Monday, February 29, 2016

Review: DON'T GET CAUGHT by Kurt Dinan

Don't Get Caught by Kurt Dinan
My rating: 5 of 5 stars


There are certain types of movies that will always get an insta-watch from me.

For example, heists.

I love how screenwriters come up with these intricate plans of attack that have to be carried out by a select group of friends, each with their own strengths. These stories are always full of villains and red herrings, twists and turns, botches and foils, love and betrayal. It's storytelling at its absolute action-packed peak.

So when I heard this book pitched as The Breakfast Club meets Oceans Eleven, I jumped on the chance to read it. I mean, come on. Incredible heist + unlikely friends? How could than not = literary perfection?

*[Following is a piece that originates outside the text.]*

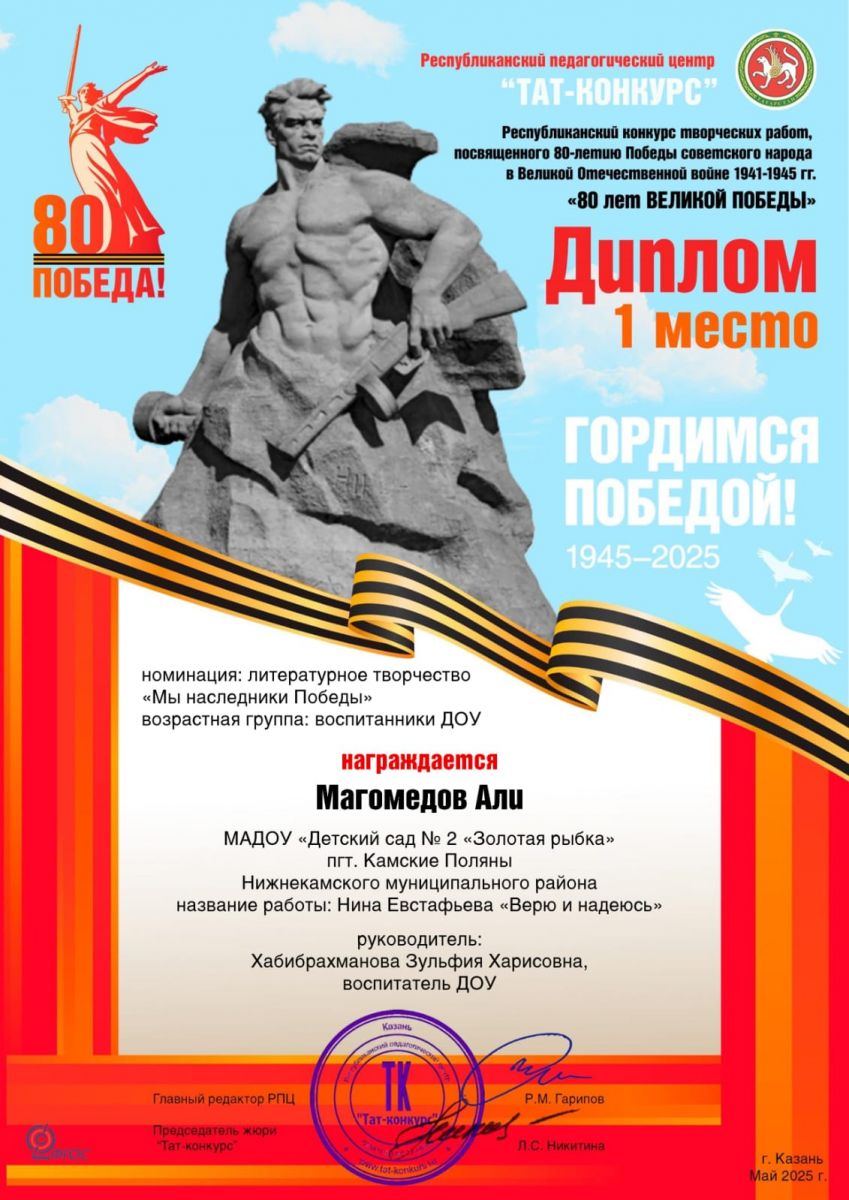 Муниципальное автономное дошкольное образовательное учреждение "Детский сад №2 "Золотая рыбка" пгт Камские Поляны Нижнекамского муниципального района Республики Татарстан

Plus those cows on the cover.

Cows are always a good sign, right?

Knowing my excitement for this book was at an eleven already, I dove in with a smidge of reluctance just to prepare myself for a potential letdown. But by the first chapter, that wall had cracked and crumbled as if David Hasselhoff himself were on top belting out a song in a light-up jacket. This book had me. It owned me. I belonged to it. There was no way I was going to put it down because there was no way it could get any better.

Except it did.

Chapter one gives us Max and four of his classmates, Wheeler, Ellie, Malone, and Adleta, getting framed for a pretty spectacular mega-prank and becoming the laughing stock of their school. But revenge is sweet and this group's got a serious hankering for some sugary payback (sorry...in my head that sounded really cool...). So Max and the others band together and plan a series of pranks to weed out the real criminals, the Chaos Club. Dinan infuses a brilliant layer of humor into his story and weaves in subtle and oftentimes surprising character complexities that keep Don't Get Caught from ever dipping its toes into the waters of stereotypes and tropes. Max becomes our guide through the world of high jinks, larks, and capers, utilizing his list of rules he's created from all of the heist movies he's watched. We get to watch friendships form, loves blossom, secrets revealed. The characters are wonderfully flawed, and even though you cheer them on, you begin to wonder (as they do) if they've begun to cross that line from hero to villain. The end result from all of this is a book absolutely brimming with humor, honesty, and heart.

And heists.

So. Much. Heisting.

The best part, though, is that even though the action begins early, Dinan gives this story time to breathe. He gives the readers time to breathe. We have time to think and wonder. And most importantly, we have time to appreciate. Which is a good thing, too. Because this book is packed with stuff you're going to fall in love with.